У меня была знакомая дама, по происхождению русская, работавшая в эфемерной кинофирме, женщина очень добрая; я ее убедил, что никто не может написать лучший сценарий кинокомедии, нежели Ильф и Петров, и они получили аванс.
Разумеется, я их тотчас посвятил в историю угольщика и булочника, выигравших в лотерее. Они каждый день спрашивали: «Ну, что нового в газетах о наших миллионерах?» И когда дошло дело до сценария, Петров сказал: «Начало есть — бедный человек выигрывает пять миллионов»…
Они сидели в гостинице и прилежно писали, а вечером приходили в «Куполь». Там мы придумывали различные комические ситуации; кроме двух авторов сценария в поисках, «гагов» участвовали Савич, художник Альтман, Польский архитектор Сеньор и я.
Кинодрама погорела: как Ильф и Петров ни старались, сценарий не свидетельствовал об отменном знании французской жизни. Но цель была достигнута: они пожили в Париже. Да и я на этом выиграл; узнал двух чудесных людей.
В воспоминаниях сливаются два имени: был «Ильфпетров». А они не походили друг на друга. Илья Арнольдович был застенчивым, молчаливым, шутил редко, но зло, и как многие писатели, смешившие миллионы людей — от Гоголя до Зощенко, — был скорее печальным. В Париже он разыскал своего брата, художника, давно уехавшего из Одессы, тот старался посвятить Ильфа в странности современного искусства, Ильфу нравились душевный беспорядок, разор. А Петров любил уют; он легко сходился с разными людьми; на собраниях выступал и за себя и за Ильфа; мог часами смешить людей и сам при этом смеялся. Это был на редкость добрый человек; ему хотелось, чтобы люди жили лучше, он подмечал все, что может облегчить или украсить их жизнь. Он был, кажется, самым оптимистическим человеком из всех, кого я в жизни встретил: ему очень хотелось чтобы все было лучше, чем на самом деле. Он говорил об одном заведомом подлеце: «Да, может, это и не так?
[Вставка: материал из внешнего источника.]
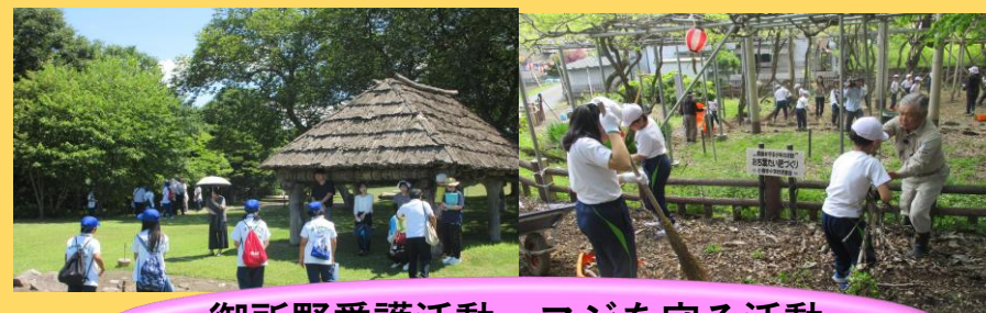
御所野愛護活動・フジを守る活動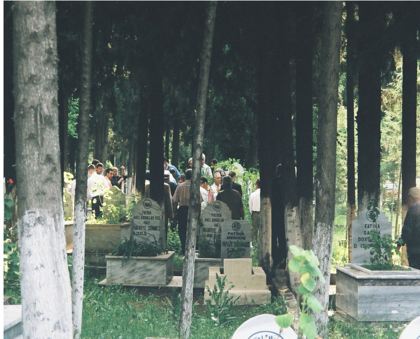
Resim 67. Cenazenin Gömülmeye Hazırlanışı (Arap Alevi Cenazesi / Antakya)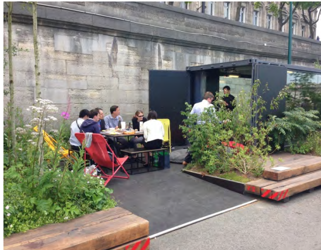
Les Berges de la Seine. (fig.16-17)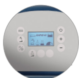
Panel de mandos con pantalla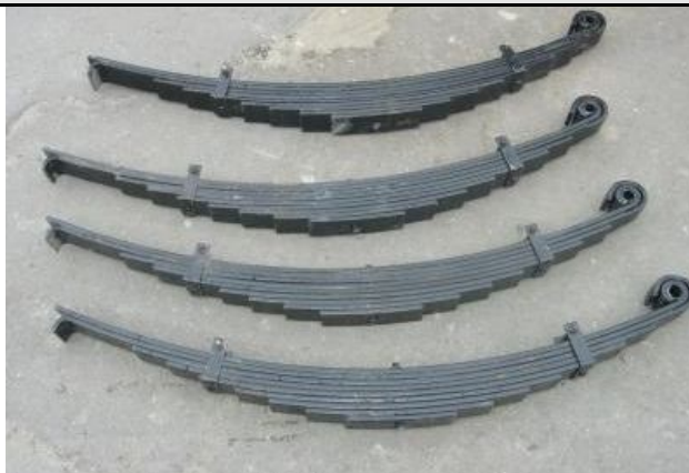
Фото Лот №05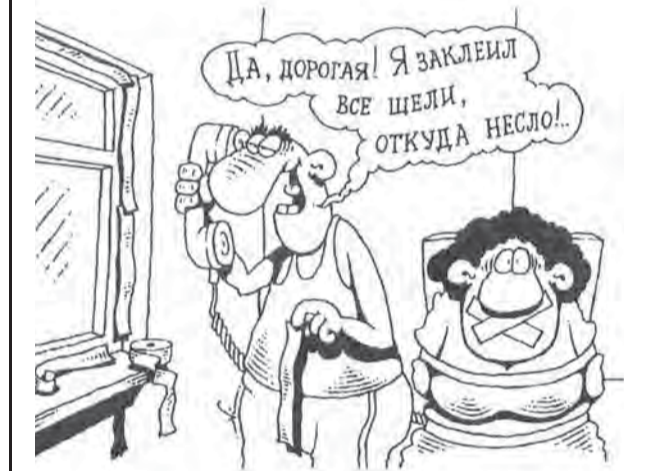
Рисунок Игоря КИЙКО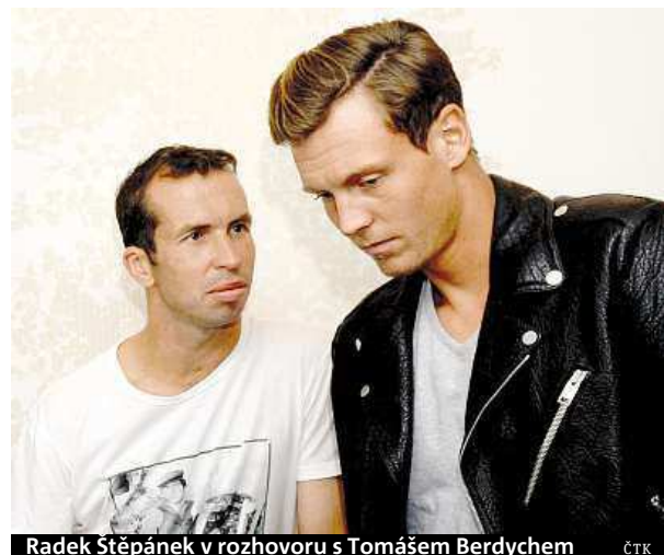
Radek Štěpánek v rozhovoru s Tomášem Berdychem

Berdych po vyřazení ve čtvrtfinále US Open s pozdějším finalistou Chorvatem Marinem Čiličem absolvoval rychlý návrat do Čech. „Přesun byl rychlý, dost na poslední chvíli. Doletěl jsem včera brzy ráno, jen jsem si přebalil věci, přehodil, co bylo potřeba a dnes ráno už zase jel sem na letiště,“ řekl včera Berdych. „Moc jsem toho nena-

Мало ли что рассказывают…» За полгода до того, как гитлеровцы напали на нас, Петрова послали в Германию. Вернувшись, он говорил: «Немцам осточертела война»…
Нет, Ильф и Петров не были сиамскими близнецами, но они писали вместе, вместе бродили по свету, жили душа в душу, они как бы дополняли один другого — едкая Сатира Ильфа была хорошей приправой к юмору Петрова.
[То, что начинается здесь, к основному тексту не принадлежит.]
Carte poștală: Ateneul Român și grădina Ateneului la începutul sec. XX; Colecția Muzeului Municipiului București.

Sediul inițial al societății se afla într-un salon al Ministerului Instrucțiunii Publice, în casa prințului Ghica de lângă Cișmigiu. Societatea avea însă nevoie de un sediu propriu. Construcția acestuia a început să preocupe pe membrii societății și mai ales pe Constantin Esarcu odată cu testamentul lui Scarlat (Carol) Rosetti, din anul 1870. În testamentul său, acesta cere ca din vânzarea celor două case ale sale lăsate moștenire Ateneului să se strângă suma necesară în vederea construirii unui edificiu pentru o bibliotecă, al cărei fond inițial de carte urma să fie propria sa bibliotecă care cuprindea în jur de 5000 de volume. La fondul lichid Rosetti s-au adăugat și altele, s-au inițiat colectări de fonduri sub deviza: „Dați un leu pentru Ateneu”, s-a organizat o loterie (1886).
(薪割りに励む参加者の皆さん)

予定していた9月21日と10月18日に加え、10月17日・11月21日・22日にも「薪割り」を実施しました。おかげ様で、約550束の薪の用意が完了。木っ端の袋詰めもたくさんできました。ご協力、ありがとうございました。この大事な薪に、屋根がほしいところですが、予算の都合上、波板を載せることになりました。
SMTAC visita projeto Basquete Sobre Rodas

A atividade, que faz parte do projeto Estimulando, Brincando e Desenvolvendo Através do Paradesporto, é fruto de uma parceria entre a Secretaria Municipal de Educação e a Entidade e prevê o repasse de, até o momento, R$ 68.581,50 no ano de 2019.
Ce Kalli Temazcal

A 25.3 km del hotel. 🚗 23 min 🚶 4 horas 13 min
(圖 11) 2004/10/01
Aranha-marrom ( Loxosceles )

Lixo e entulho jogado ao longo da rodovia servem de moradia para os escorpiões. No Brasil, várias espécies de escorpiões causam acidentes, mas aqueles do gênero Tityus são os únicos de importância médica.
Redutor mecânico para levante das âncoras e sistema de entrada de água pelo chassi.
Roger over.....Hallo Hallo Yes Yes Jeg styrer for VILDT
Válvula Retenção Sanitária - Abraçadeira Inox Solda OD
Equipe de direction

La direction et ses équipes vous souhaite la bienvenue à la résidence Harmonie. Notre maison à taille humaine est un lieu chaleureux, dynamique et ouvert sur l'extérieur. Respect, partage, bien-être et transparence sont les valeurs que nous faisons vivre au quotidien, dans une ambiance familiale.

Ильф, несмотря на то что он предпочтительно молчал, как-то заслонял Петрова, и Евгения Петровича я узнал по-настоящему много позднее — во время войны.
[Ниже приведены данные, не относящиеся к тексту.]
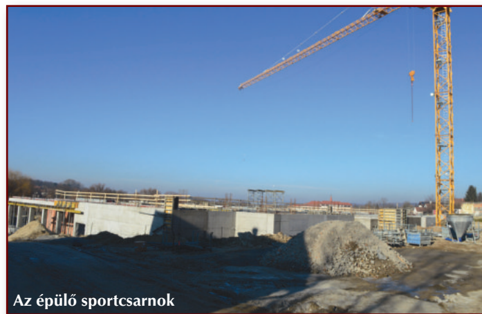
Az épülő sportcsarnok

Megtörtént a Veresegyházi Katolikus Gimnázium (Verka) melletti házak bontása, ezzel előkészítve a terepet a Verka itt építendő röplabda csarnokának, amely az iskola tornatermi igényeit is ki fogja elégíteni. Szintén a gimnáziumhoz tartozó hír, hogy a Fő út-Budapesti út lámpás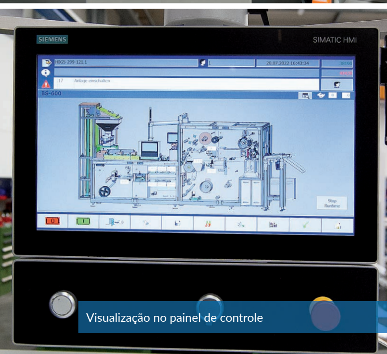
Visualização no painel de controle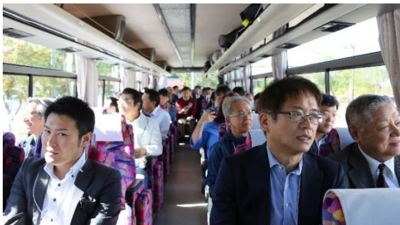
バス車中からも「秀逸な道」等の美しい景観を楽しめました

バスエクスカーションには、40名が参加し、ニセコ町のまちづくり関連施設等についてニセコ町長の片山健也氏によるガイドを受けました。また、「秀逸な道」区間や「ビューポイントパーキング(倶知安町八幡地区・喜茂別町相川地区)」では、支笏洞爺ニセコルートで行われている美しい景観を守り、育てる活動等について、地域活動団体メンバーから紹介があり、立寄り先では、越冬ニンジンジュースや枝豆等が提供されました。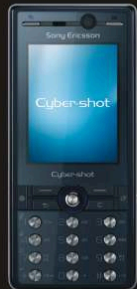
Sony Ericsson k810i

i a més emporta't aquest Sony Ericsson Cyber-shot per 0€*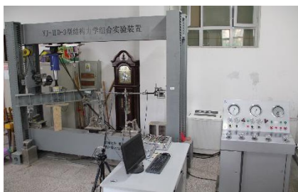
YJ- II D 型结构力学组合试验装置及组合配件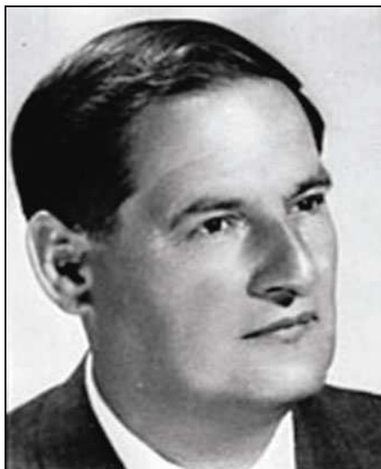
Karlovac, 29. srpnja 1907. – Zagreb, 15. ožujka 1979.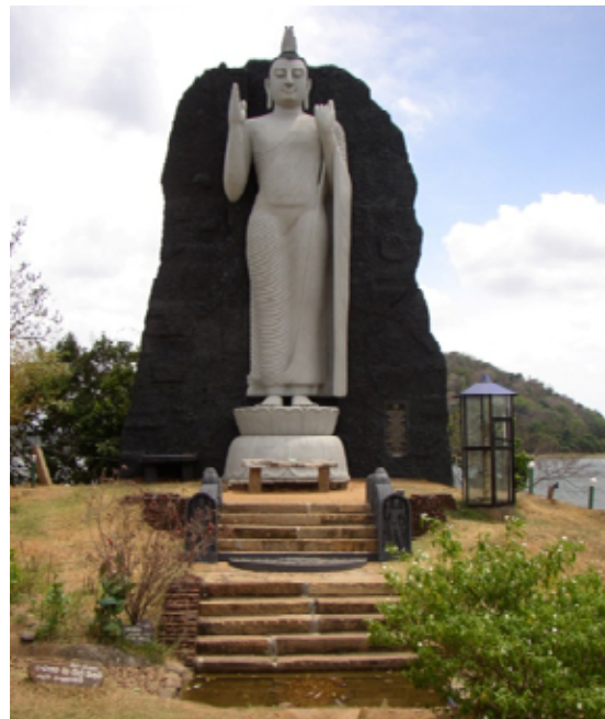
Buddhastaty utefter väg A11

Efter 26 år av väpnad konflikt, främst koncentrerad till norr och öster, besegrade regeringsstyrkorna i maj 2009 den tamilska separatistorganisationen LTTE (Liberation Tigers of Tamil Eelam).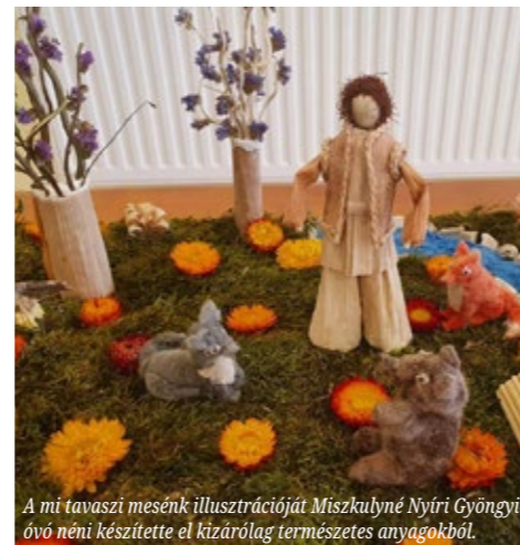
A mi tavaszi mesénk illusztrációját Miskulymé Nyíri Gyöngyi óvó néni készítette el kizárólag természetes anyagokból.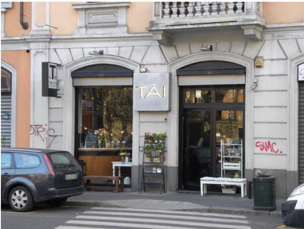
Ingresso del Locale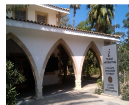
Здание информационного офиса (КОТ)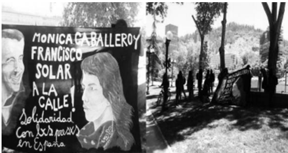
(Mitin solidario en las afueras de la Embajada de España en Chile. Diciembre 2013)

Por supuesto que partimos del hecho de que desde el enemigo no esperamos más que su hostilidad y represión. Por eso las siguientes reflexiones apuntan en el sentido de aportar al análisis para reflexionar/entender el momento y pasar a la acción desde la perspectiva insurrecta de la ofensiva antiautoritaria contra el poder.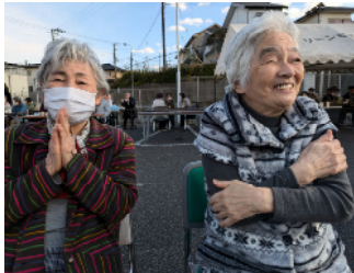
良いお天気だけど ちょっと寒いね

Я думаю о судьбе советских сатириков — Зощенко, Кольцова, Эрдмана. Ильфу и Петрову неизменно везло. Читатели их полюбили сразу после первого романа. Врагов у них было мало. Да и «прорабатывали» их редко. Они побывали за границей, изъездили Америку, написали о своей поездке веселую и вместе с тем умную книгу, — умели видеть. Об Америке они писали в 1936 году, и это тоже было удачей: те нравы, которые мы именуем «культом личности», мало благоприятствовали сатире.